Welcome to our dedicated page for Nuvve Holding SEC filings (Ticker: NVVE), a comprehensive resource for investors and traders seeking official regulatory documents including 10-K annual reports, 10-Q quarterly earnings, 8-K material events, and insider trading forms.
Reading a single Nuvve Holding Corp (NVVE) filing can feel like decoding an electrical schematic—revenue from bidirectional charging, government incentives, and complex grid-service contracts are buried deep in footnotes. If you have ever searched “Nuvve quarterly earnings report 10-Q filing” or wondered which executives are buying shares through “Nuvve insider trading Form 4 transactions,” you know the challenge.
Stock Titan turns that maze into a straight line. Our AI-powered summaries extract the numbers and narratives that matter, so understanding Nuvve SEC documents with AI takes minutes, not hours. Get instant alerts when a new 8-K material event posts, see Nuvve Form 4 insider transactions real-time, and view concise highlights of risk factors and V2G revenue recognition.
Curious what each form reveals? AI notes the essentials for you:
- 10-K: Our tool delivers a Nuvve annual report 10-K simplified—segment revenue, R&D spend on vehicle-to-grid software, and long-term grid-service contracts.
- 10-Q: Track margin trends and fleet deployment metrics with a focused Nuvve earnings report filing analysis.
- 8-K: Receive summaries of supply-chain updates or utility partnerships with Nuvve 8-K material events explained.
- Form 4: Monitor Nuvve executive stock transactions Form 4 to spot buying ahead of major rollouts.
- DEF 14A: Review the Nuvve proxy statement executive compensation section without sifting through boilerplate.
Whether you need “Nuvve SEC filings explained simply” for a quick briefing or deep dives into cash-flow notes, Stock Titan provides comprehensive coverage, real-time updates, and clear, actionable context.
Nuvve Holding Corp. filed a revised proxy amending a scrivener's error to show 19,942,839 shares outstanding (previously 20,252,314) and seeks shareholder approval for a Reverse Stock Split with a board-determined ratio in the range of 1-for-2 to 1-for-40. The company states the reverse split is intended to satisfy Nasdaq minimum bid price requirements and notes an active appeal of a Nasdaq delisting determination.
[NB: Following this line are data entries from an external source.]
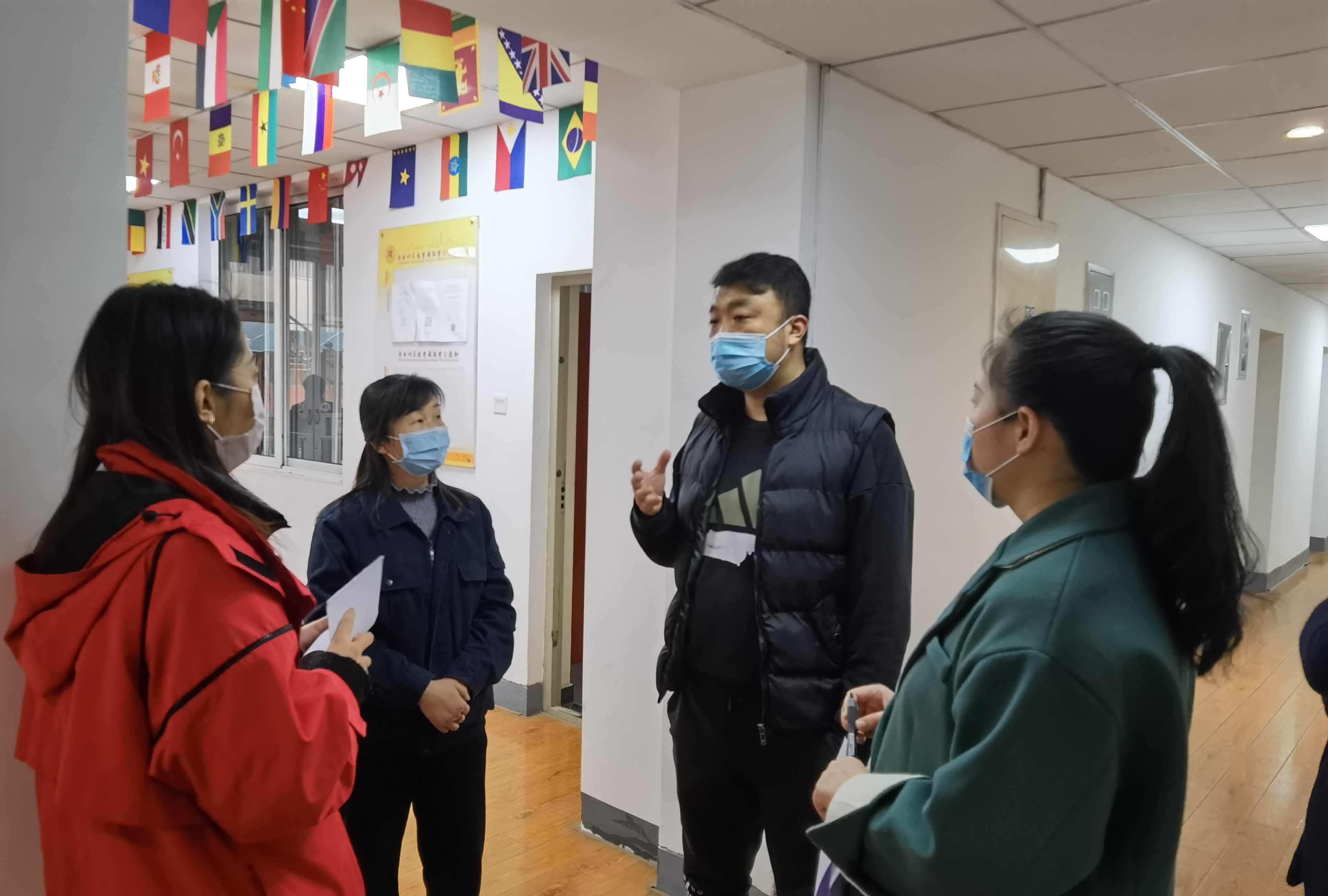 岁末年终,西安市接连出现多例新冠肺炎病例,疫情防控形势骤然紧张。为了响应学校疫情防控工作要求,全面深入了解在校学校的思想动态,12月16日至19日伟德国际1946官网党总支副书记张昊带领学工组全体专兼职辅导员深入学生公寓和学院教学楼,对目前在校的研究生和所有在雁塔校区居住的学校各学院国际学生进行了走访探望。
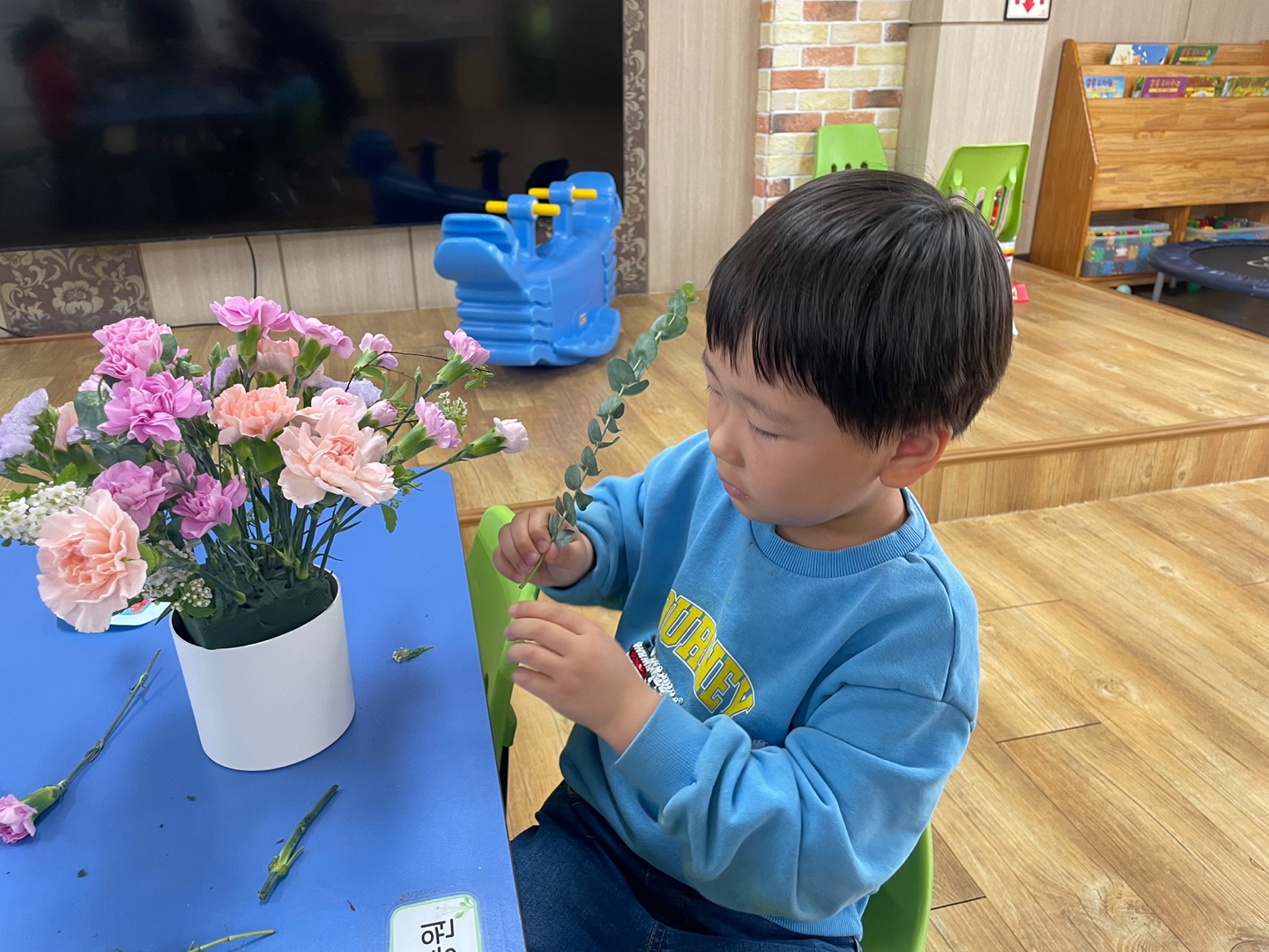 이후 유아들은 기뻐하실 부모님을 생각하며 오아시스에 원하는 색상의 꽃들을 꽂아보았다. 키 큰 꽃들은 줄기를 잘라서 꽂아야하는 것도 스스로 터득해보며 바구니에 점차 꽃들로 가득차기 시작하였다. 중간 중간에 들꽃으로 꾸며도 보면서 나만의 카네이션 바구니를 완성해보았다.
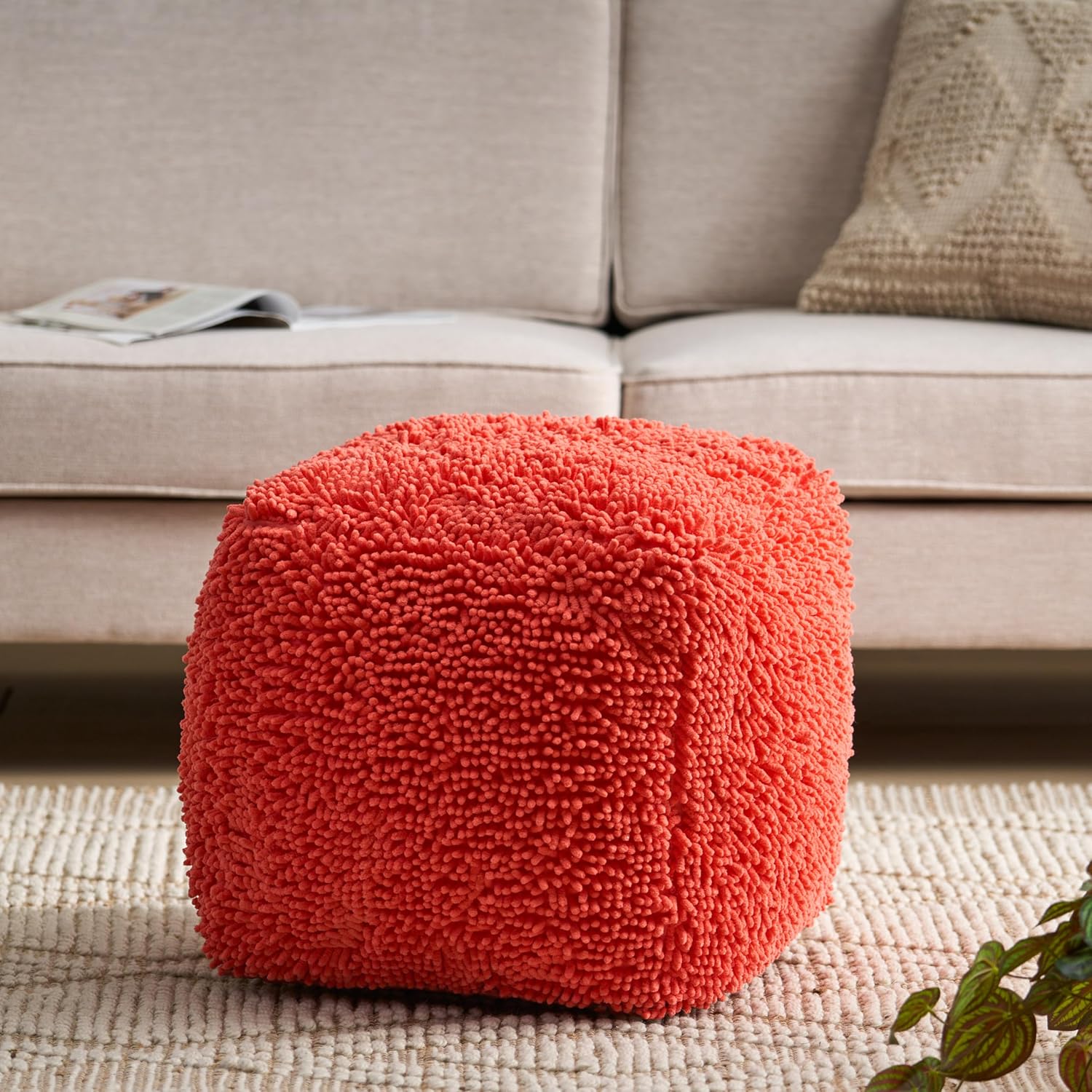 GDFStudio Modern Microfiber Chenille Cube Pouf Ottoman Foot Stool - Bean Bag Floor Chair - Foot Rest Couch for Living Room Bedroom,Coral,16"" x 16"" x 16"", Statha,coral, 314105N
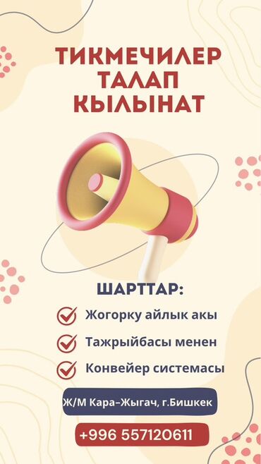 Требуется швеи с опытом и без опыта сами научим ,4нитка,упаковка,чиска работа постаянная очень много зарплата еженедельно детский трико, спортивные костюмы район Нижний Ала Арча,Дордой,Ак тилек,Кел...
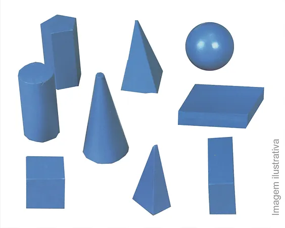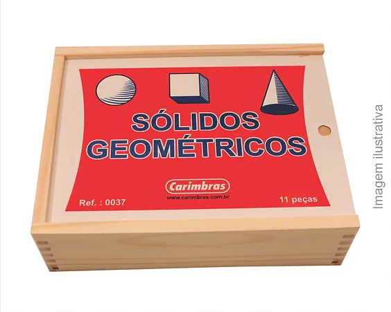 O estojo dos Sólidos Geométricos contém 11 peças em madeira, sendo formado por cones, esferas, pirâmides, paralelepípedos, cilindros, e outros.
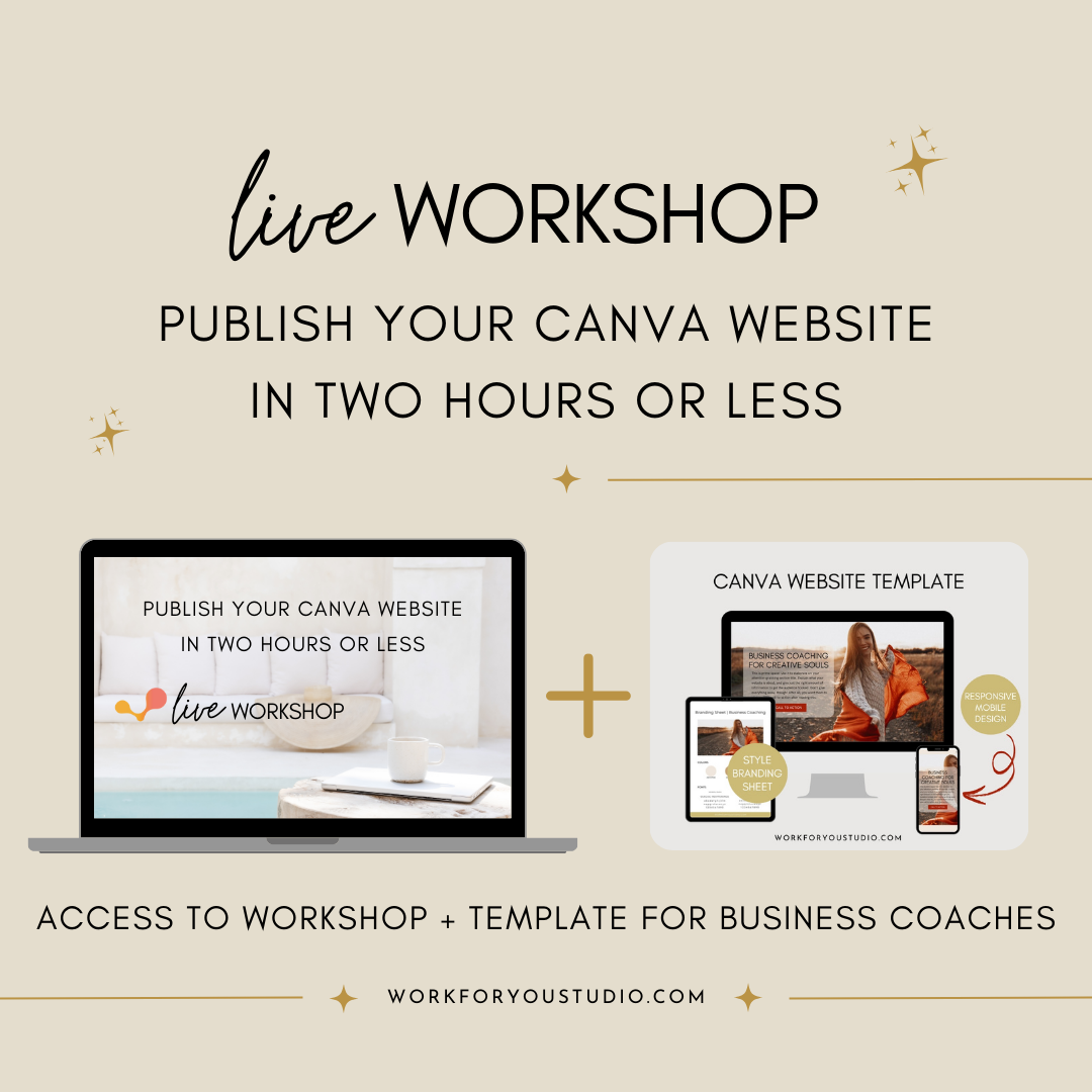 Unlike DIY templates that leave you guessing, I'll be right there with you during the workshop, walking you through every step of the process. You'll leave with a published website you're proud to share with clients β not just a template sitting in your downloads folder. Think of it as having a friend who knows Canva inside and out, helping you build your dream website!
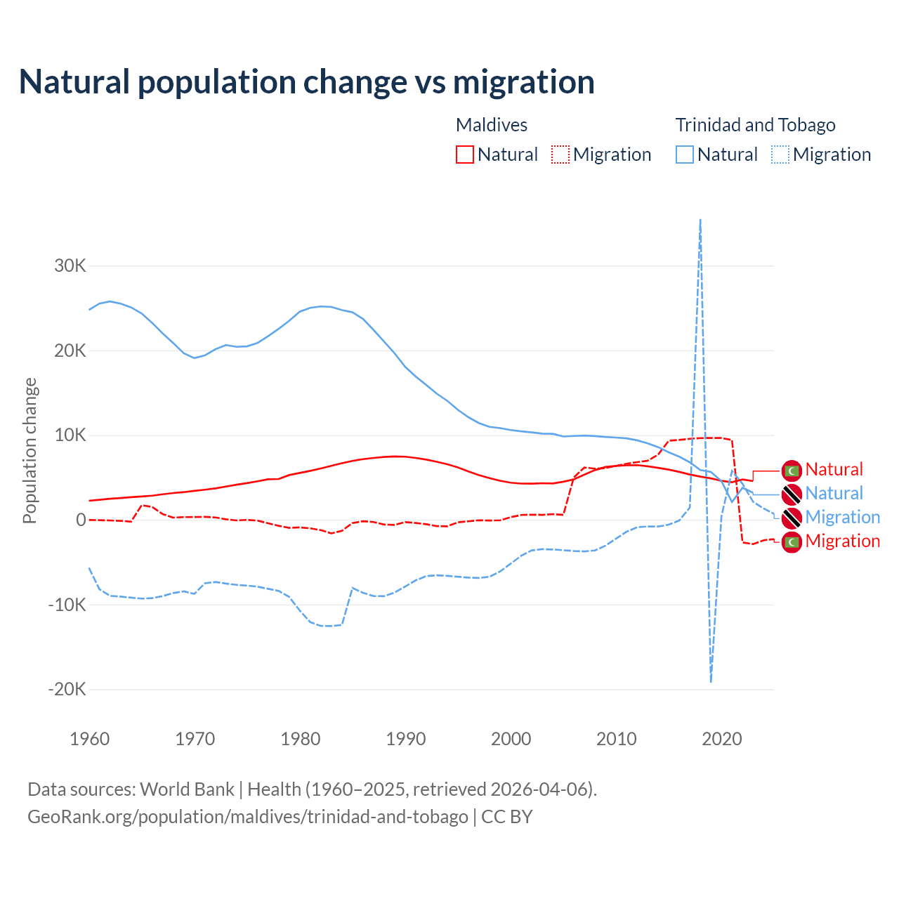 Over the last 10 years, 42.7% of the population change in Maldives is from natural causes (a gain of 51,342 people) and 57.3% is from migration (a gain of 68,788 people). In Trinidad and Tobago 66% is from natural causes (a gain of 55,887 people) and 34% is from migration (a gain of 28,785 people).
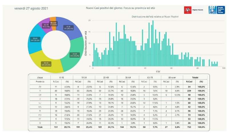 L'età media dei 752 nuovi positivi odierni è di 38 anni circa (22% ha meno di 20 anni, 30% tra 20 e 39 anni, 33% tra 40 e 59 anni, 12% tra 60 e 79 anni, 3% ha 80 anni o più).
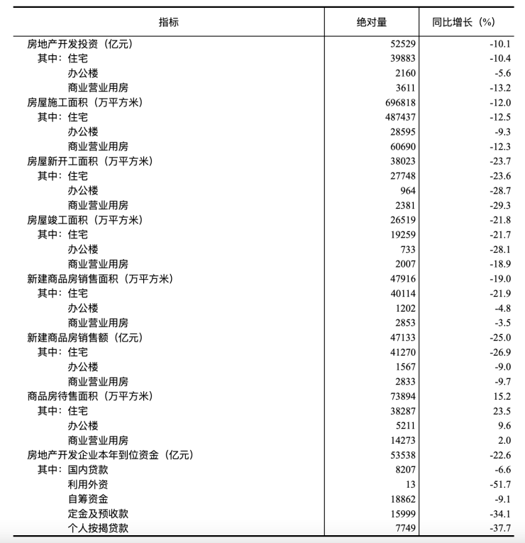 1—6月份,房地产开发企业房屋施工面积696818万平方米,同比下降12.0%。其中,住宅施工面积487437万平方米,下降12.5%。房屋新开工面积38023万平方米,下降23.7%。其中,住宅新开工面积27748万平方米,下降23.6%。房屋竣工面积26519万平方米,下降21.8%。其中,住宅竣工面积19259万平方米,下降21.7%。
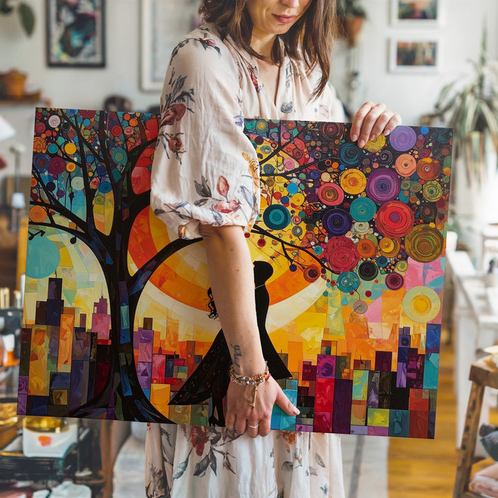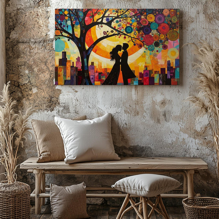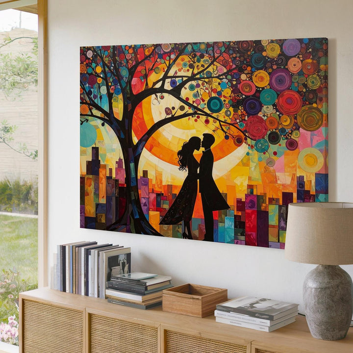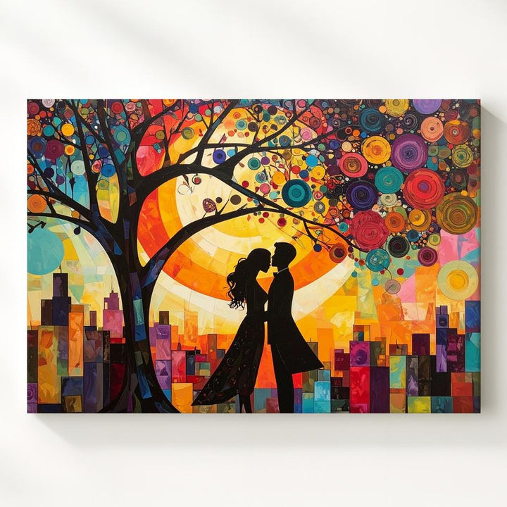 This colorful canvas captures a romantic moment shared by a couple standing close beneath a stylized tree, set against a lively cityscape. The figures, silhouetted in black, create a striking contrast against the backdrop filled with circular patterns, geometric shapes, and a glowing sun in hues of orange, teal, pink, and yellow. The tree’s branches, adorned with multicolored orbs and stylized leaves, add a touch of whimsy and life to the scene. This piece blends urban energy with natural beauty, evoking a sense of intimacy, love, and the magical harmony that exists between city life and nature.
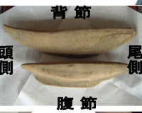 3、鰹節の向き 鰹節には“目”があります。逆向き(逆目)に削ると粉になります。ここでは、前に押して削る時を説明します。 削り器の刃先を自分の方に向け、鰹節の尾側を先に向け、頭の方から削ります。頭側と尾側の見分け方は写真を参考にしてください。 |
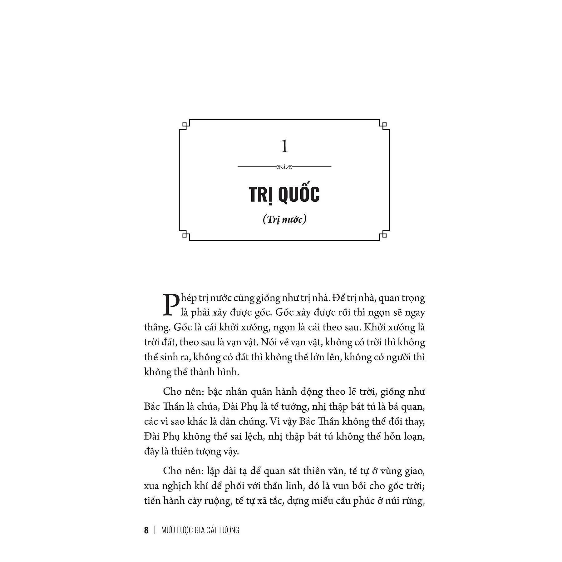 Mưu Lược Trung Hoa - Phần 2. MƯU LƯỢC GIA CÁT LƯỢNG Gia Cát Lượng (181 - 234) tự Khổng Minh, hiệu Ngọa Long, là một nhà chính trị, nhà quân sự, nhà phát minh nổi tiếng của Trung Hoa cổ đại, là thừa tướng nước Thục Hán thời Tam quốc (220 - 280), được hậu thế xem là hình mẫu của trí tuệ và tấm lòng trung nghĩa. Gia Cát Lượng cả đời bận rộn với binh nhung, vất vả với chính trị, ra sức xây dựng và củng cố triều đình Thục Hán. Ông học rộng biết nhiều, tỉnh thông binh pháp, hành xử cẩn trọng, suy tính chu đáo. Thông qua kinh nghiệm chính trị và kinh nghiệm quân sự của chính mình, cùng với quá trình nghiên cứu trứ tác của tiến nhân, Gia Cát Lượng đã tự hình thành một hệ thống mưu lược đặc sắc, trở thành một mưu lược gia kiệt xuất trong thời loạn. Mưu Lược Trung Hoa - Phần 2. MƯU LƯỢC GIA CÁT LƯỢNGbao gồm 2 phần Phần thứ nhất: TIỆN NGHI THẬP LỤC SÁCH Trị quốc, Quân thần, Thị thính, Nạp ngôn, Sát nghi, Trị nhân, Cử thố, Khảo truất, Trị quân, Thưởng phạt, Hỷ nộ, Trị loạn, Giảo lệnh, Trảm đoạn, Tư lự, Âm sát, Phần thứ hai: TƯỚNG UYỂN Binh quyền, Trục ác, Tri nhân tính, Tướng tài, Tướng khí, Tướng tệ, Tướng chí, Tướng thiện, Tướng cương, Tướng kiêu lận, Tướng cường, Xuất sư, trạch tài, Trí dụng, Bất trận, Tướng thành, Giới bị, Tập luyện, Quân đố, Phúc tâm, Cẩn hậu, Cơ hình, Trọng hình, Thiện tướng, Thẩm nhân, Binh thế, Thắng bại, Giả quyền, Ai tử, Tam tân, Hậu ứng, Tiện lợi, Ứng cơ, Sủy năng, Khinh chiến, Địa thế, Tình thế, Kích thế, Chỉnh sư, Lệ sĩ, Tự miễn, Chiến đạo, Hòa nhân, Sát tình, Tướng tình, Uy lệnh, Đông di, Nam man, Tây nhung, Bắc địch. PHỤ LỤC

Implementation must be completed no later than 10 business days before a date set by the Nasdaq Hearing Panel if the split is approved. The proxy discloses solicitation arrangements, including an estimated fee to Campaign Management of up to $10,000, event logistics for a Special Meeting and adjusted share-and-capital mechanics and tax and fractional-share treatments in the event of the reverse split.
Gregory Poilasne, Chief Executive Officer and Director of Nuvve Holding Corp. (NVVE), reported an open-market sale of common stock on 08/22/2025. The Form 4 shows 200,000 shares were disposed of at a volume-weighted average price of $0.4725 per share, with the reported intraday price range $0.47 to $0.48. After the sale the filing lists 333,474.784 shares beneficially owned by the reporting person in a direct capacity. The sale was signed and dated by Mr. Poilasne on 08/26/2025. The filer notes the issuer can provide detailed per-transaction share counts on request.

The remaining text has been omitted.